To do: Return the lines that run from the beginning of the entries to the line holding "Baby Beistellbett 3-in-1", inclusive, and drop the pictures.

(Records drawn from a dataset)
------------------------

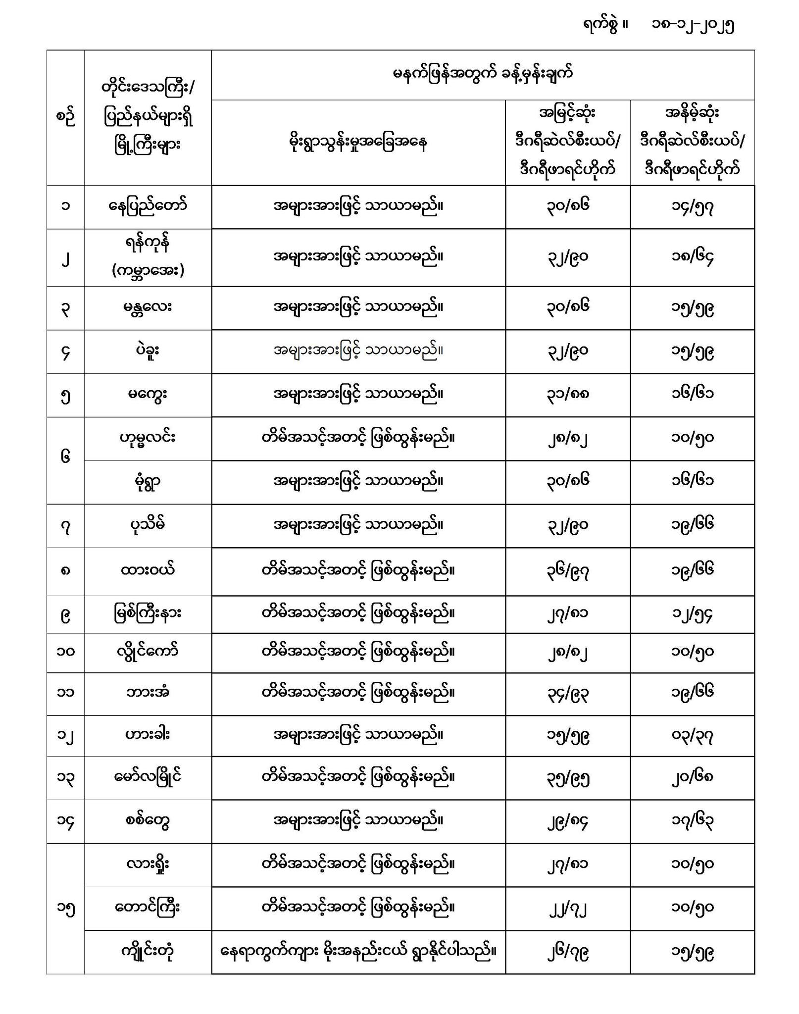 မနက်ဖြန်အတွက် တိုင်းဒေသကြီးနှင့် ပြည်နယ်များရှိ မြို့ကြီးများ၏ အမြင့်ဆုံးအပူချိန်၊ အနိမ့်ဆုံးအပူချိန်နှင့် မိုးလေဝသခန့်မှန်းချက်တို့ပဲဖြစ်ပါတယ်---
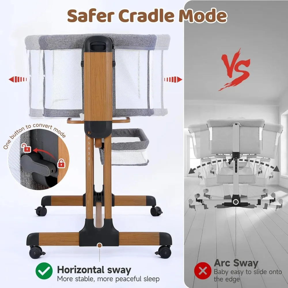 Baby Beistellbett 3-in-1 – Wiege, Co-Sleeper und tragbares Kinderbett mit Rollen und Stauraum
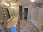 Spacious,3 bedroom 2 bathroom home in Woodridge Manor. 1,645 sq feet boasts a split floor plan with wood flooring,new paint,and new carpet. Warm,neutral colors of the interior living area and kitchen make this cozy house "home". This home offers a beautiful fireplace,a fully equipped kitchen (with all appliances included),and a large indoor laundry room. The master bedroom is "king-sized" and features a private bathroom w/two walk-in closets,garden tub and double vanity makes this the ideal master suite. A large fenced in back yard,open patio,and double-car garage make entertaining easy! Utilities and Landscaping tenant responsibility.
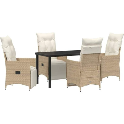 ManoManoGeneral description This garden dining set perfectly combines practicality with modern looks, providing a classy yet comfortable spot for outdoor gatherings. Its sharp lines and minimalist style blend seamlessly with any garden or terrace, creating a lovely place to unwind and connect with others. The soft textures and bold dark tones of the set contribute to a sophisticated and contemporary feel. Whether you’re hosting a summer brunch or enjoying a good book in the sun, this set ensures your comfort with its adjustable features. Technical specifications Colour: Beige Material: Poly rattan Seat width: 47 cm Seat depth: 50.5 cm Assembly required: Yes Delivery contains: 4 x Reclining chairs 1 x Garden table 4 x Seat cushions 4 x Back cushions EAN: 8721288645050 SKU: 3379585 Brand: vidaXL Compatibility and accessories Reclining mechanism with adjustable backrest Weather-resistant outdoor cushions with zip fastening for easy cleaning Flat armrests made from poly rattan for added comfort
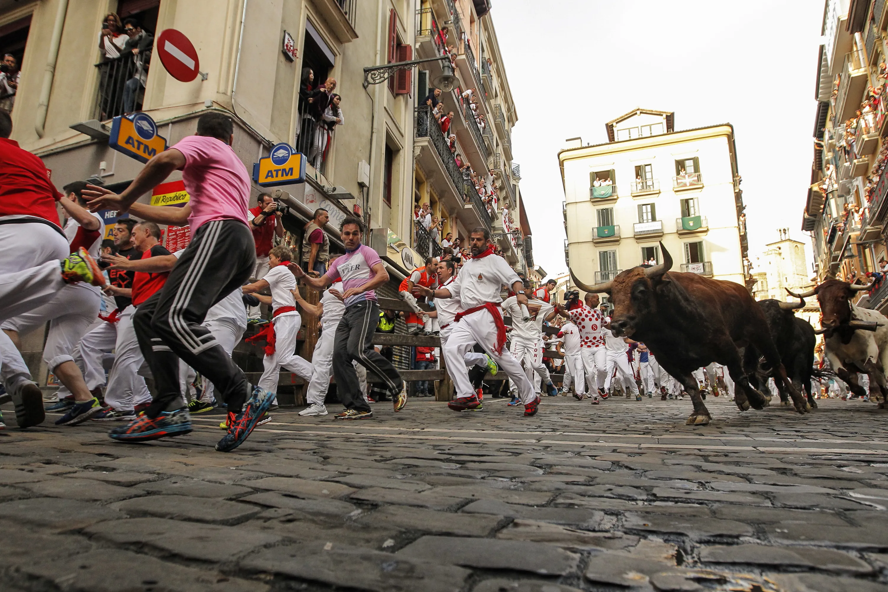 Revelers run in front of Jandilla's fighting bulls as they go on the way of the Estafeta corner during the fifth running of the bulls at the San Fermin Festival, in Pamplona, northern Spain, Monday, July 11, 2016. (Photo by Alvaro Barrientos/AP Photo)
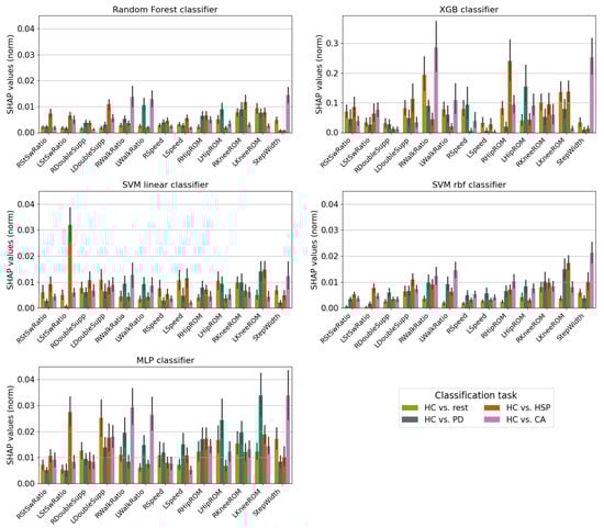 We computed the Shapley values only for the binary classification tasks. In fact, when a multi-class problem is studied with SHAP, the method returns, for each gait parameter, an array of size , with the Shapley value derived by treating the output for each class as the result of a binary classification (in a One-vs-Rest fashion). Moreover, SHAP values can change significantly among the classifiers. To better compare the values obtained for different classifiers, we first computed the average of the absolute SHAP values for every classification task and then normalized this quantity.

------------------------

Reply:
 မနက်ဖြန်အတွက် တိုင်းဒေသကြီးနှင့် ပြည်နယ်များရှိ မြို့ကြီးများ၏ အမြင့်ဆုံးအပူချိန်၊ အနိမ့်ဆုံးအပူချိန်နှင့် မိုးလေဝသခန့်မှန်းချက်တို့ပဲဖြစ်ပါတယ်---
 Baby Beistellbett 3-in-1 – Wiege, Co-Sleeper und tragbares Kinderbett mit Rollen und Stauraum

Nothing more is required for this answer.